# Pin Hole leak on Lapavoni Europiccolo - suggestions



## TK-421 (Nov 30, 2013)

I've just been messing around with my 2nd hand La Pavoni EP and I noticed that there is a small pinhole leak where the group head joins to the boiler. Its not where the head screws to the flat plate its where they have welded the flat plate onto the boiler so it's not a join leak but an issue with manufacture. It only weeps a bit when the boiler is up to temp but when I set it on the low setting to tick over it stops. It's only the tiniest of leaks and is nothing when considering the amount that comes out of the safety valve.

Do you think that this is a major issue that I should bring up with the guy I bought it from? I

I am a bit disappointed and may get in touch but it was an ebay purchase and I'd struggle to find another one for the price I paid for it.

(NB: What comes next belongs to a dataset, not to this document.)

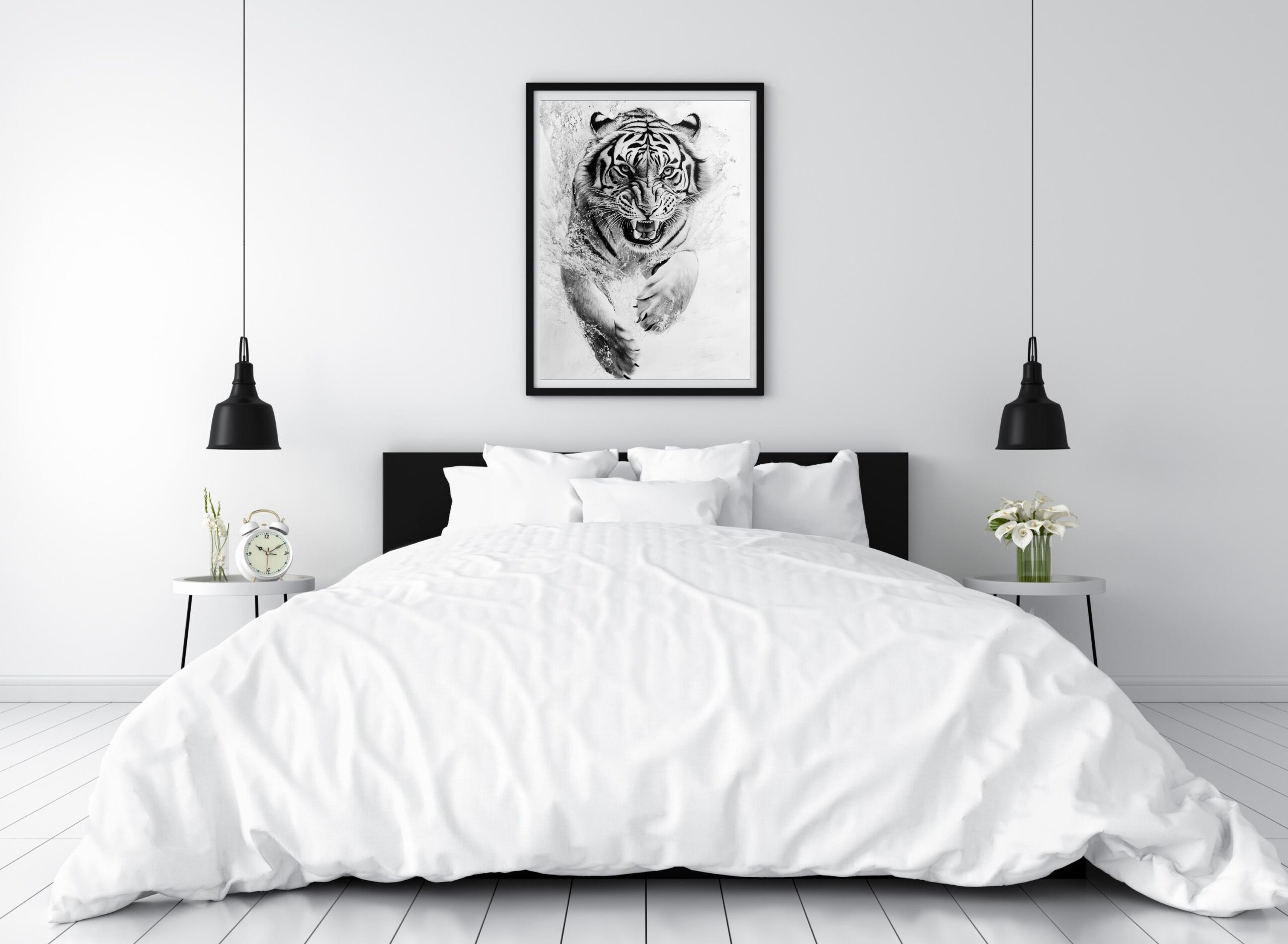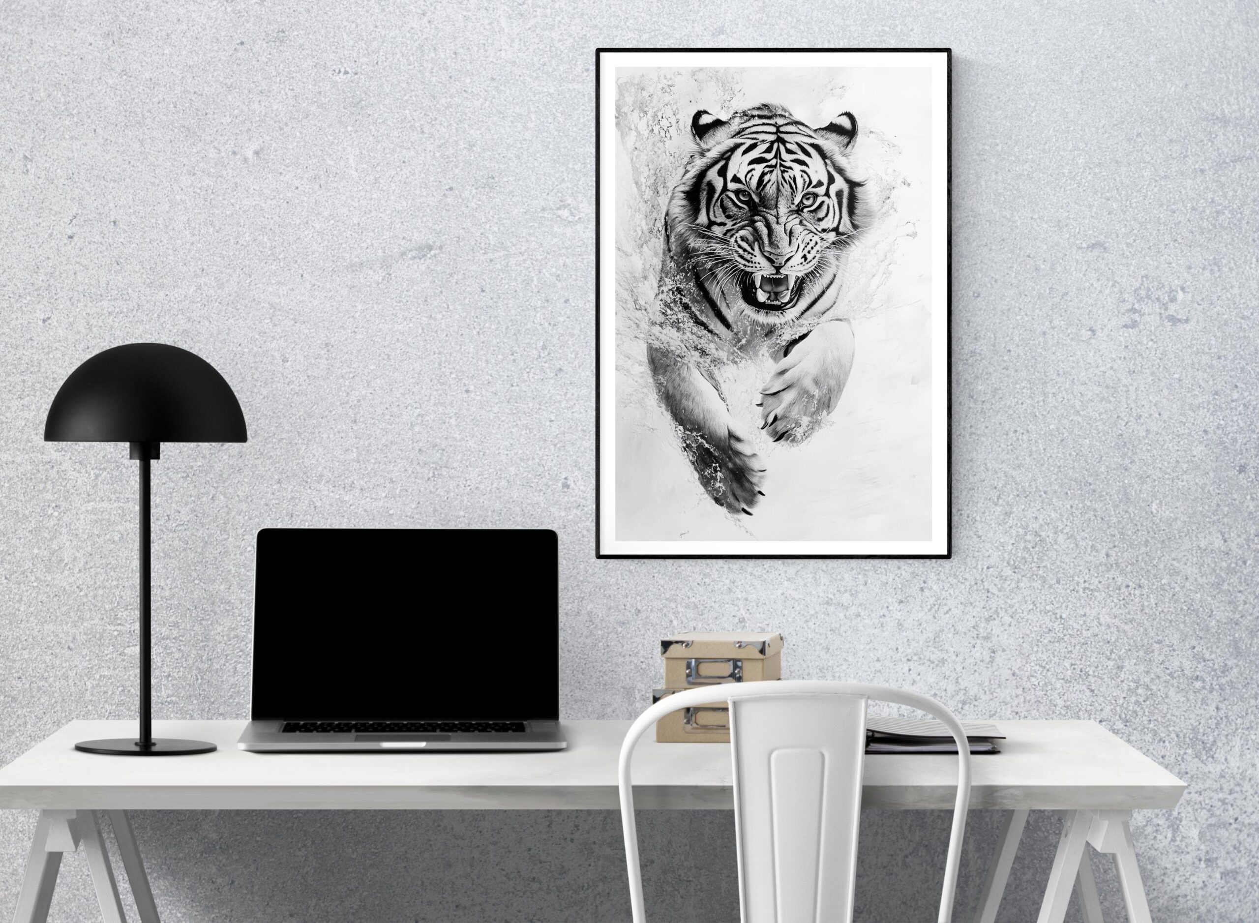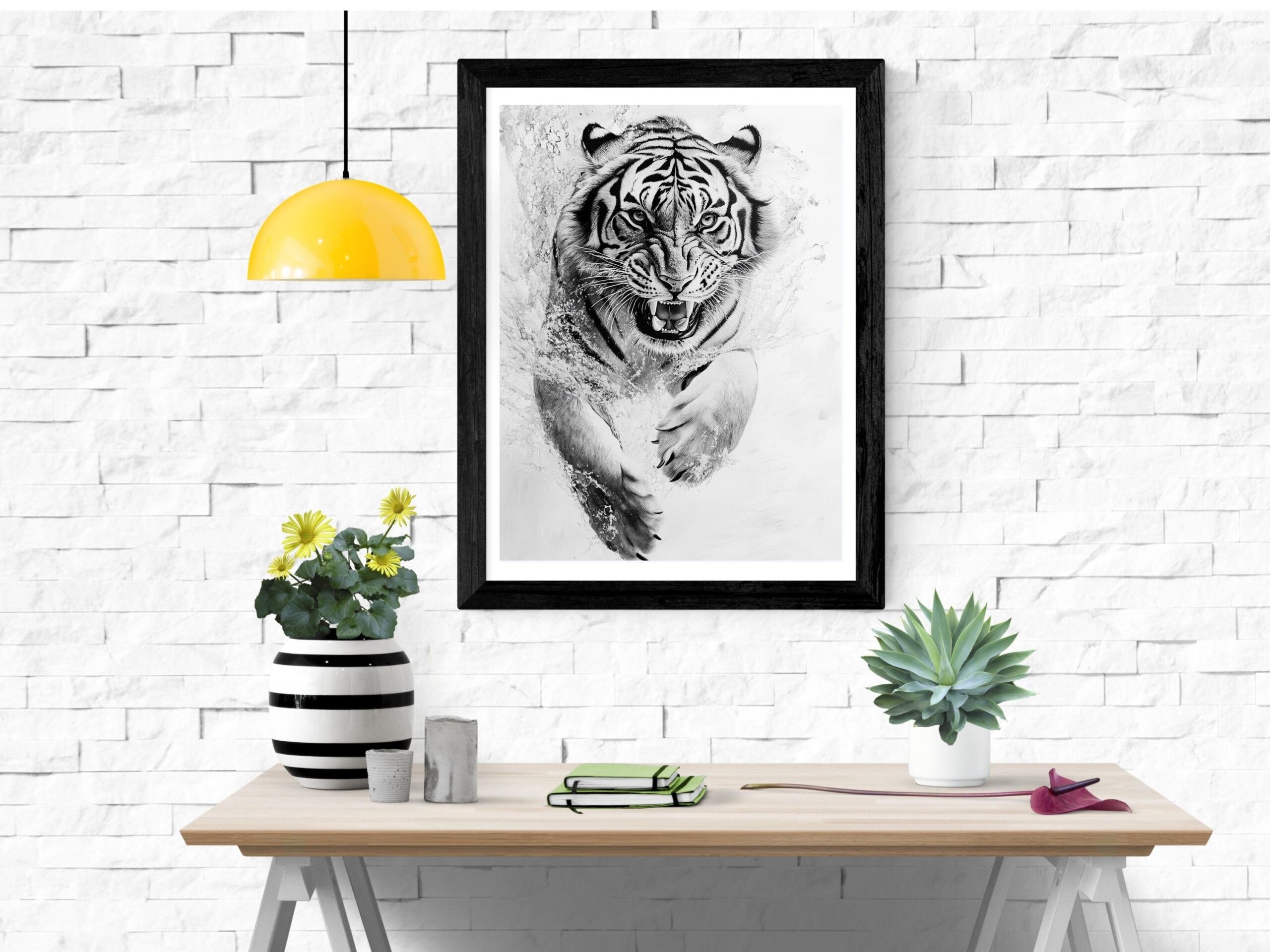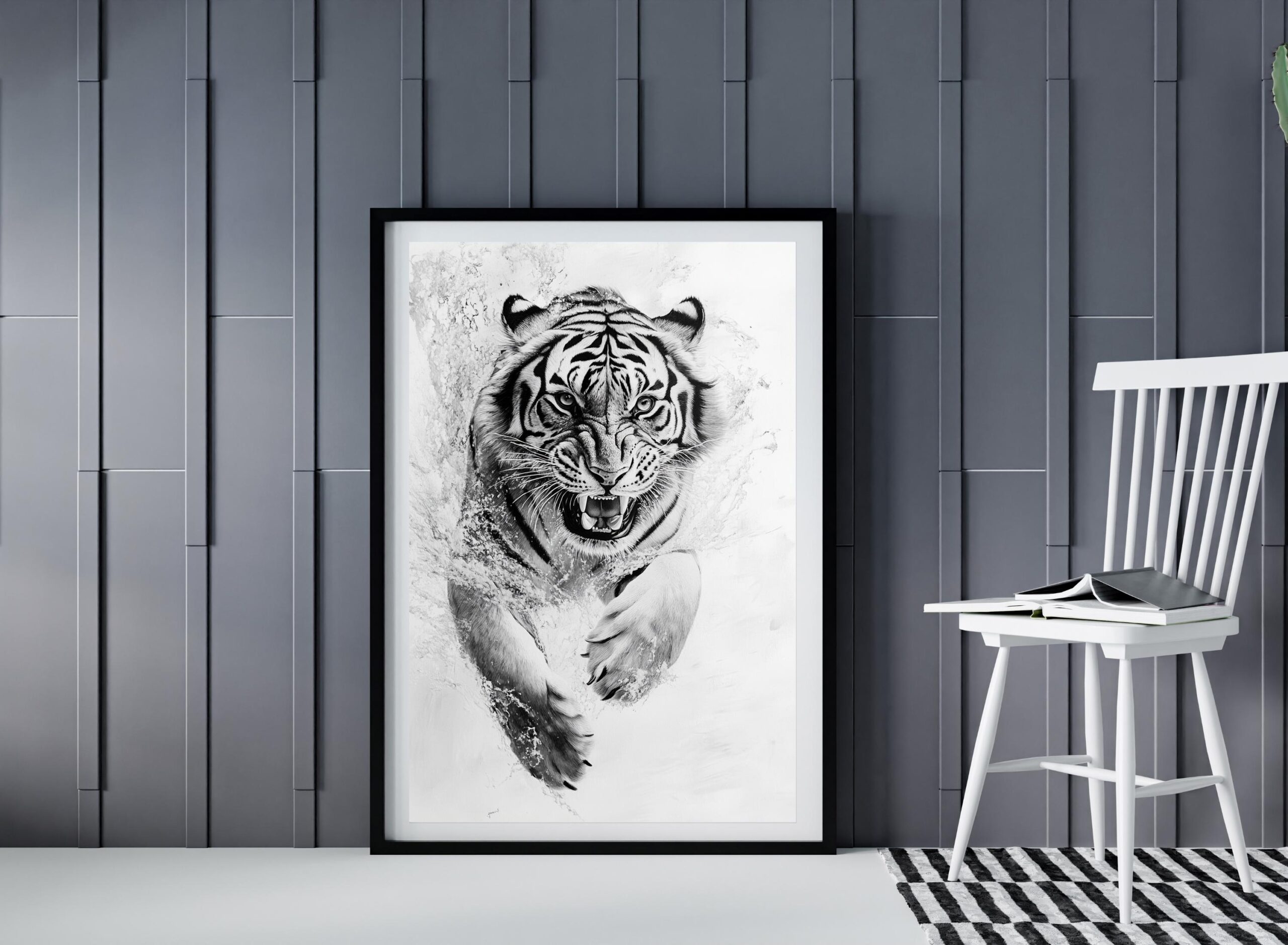 Fierce tiger wall art captures the majestic intensity of a powerful tiger in mid-action, set against a stunning monochrome palette. This modern piece exudes energy and drama, with intricate detailing that brings the scene to life. Bold black and white contrasts create a striking visual impact, perfect for adding a dynamic touch to any space. Ideal for a living room, office, or hallway, this artwork commands attention and inspires a sense of awe. It serves as an elegant reminder of nature’s strength, making it a thoughtful gift for any art enthusiast or nature lover seeking to elevate their surroundings.

I was thinking of getting it silver braided when I get round to it but was content just to make do for the time being.

What do you think ?


----------



## 4085 (Nov 23, 2012)

Put a strike in immediately. Now, paypal hold the money for 14 days before releasing it to make this sort of thing much easier to resolve in your favour. the item presumably was described as used, and therefore is expected to work without fault


----------



## El carajillo (Mar 16, 2013)

It sounds like a pin hole leak in the weld,if it is it will only get worse as corrosion takes effect !!!


----------



## TK-421 (Nov 30, 2013)

I think that it is an issue with the weld, which is a real pain. If I do leave it it could start to affect the chrome in the area, which is why I'm going to take it to a local place and have them take a tiny but of chrome away round the area and then silver braid the hole with a tiny spot. I'm hoping that if they can get the spot of weld small enough then it shouldn't look too unsightly. It'd require someone with a bit of experience to make a neat job.

On a separate note I took the head off the machine yesterday and found that the circlip retainer had rusted away behind the piston. I've ordered a service kit and will have a go at getting the old clip out later on in the week.

Things with this machine just keep popping up. I was thinking of throwing in the towel but I didn't pay that much for it, plus its teaching me a lot about these machines and how to maintain them properly.

I think i'll stick with it. Besides I'm closer to getting a decent shot from persevering than getting a new one sent from italy.

All the best


----------



## TK-421 (Nov 30, 2013)

In a follow up to this thread. The local welders wouldn't touch it as they said that to silver braid it would likely destroy the chrome. I also phoned a La Pavioni repair place and they said that the hole is not practically fixable and to return the item from whenst it came. They said that the hole is likely to get bigger with time and could be of concern for safety, what with the pressured steam and boiling water. This is a real shame because I was prepared to do a bit of legwork in order to get a Pav for decent money.

I shall have to consider an alternative, probably a new one.


----------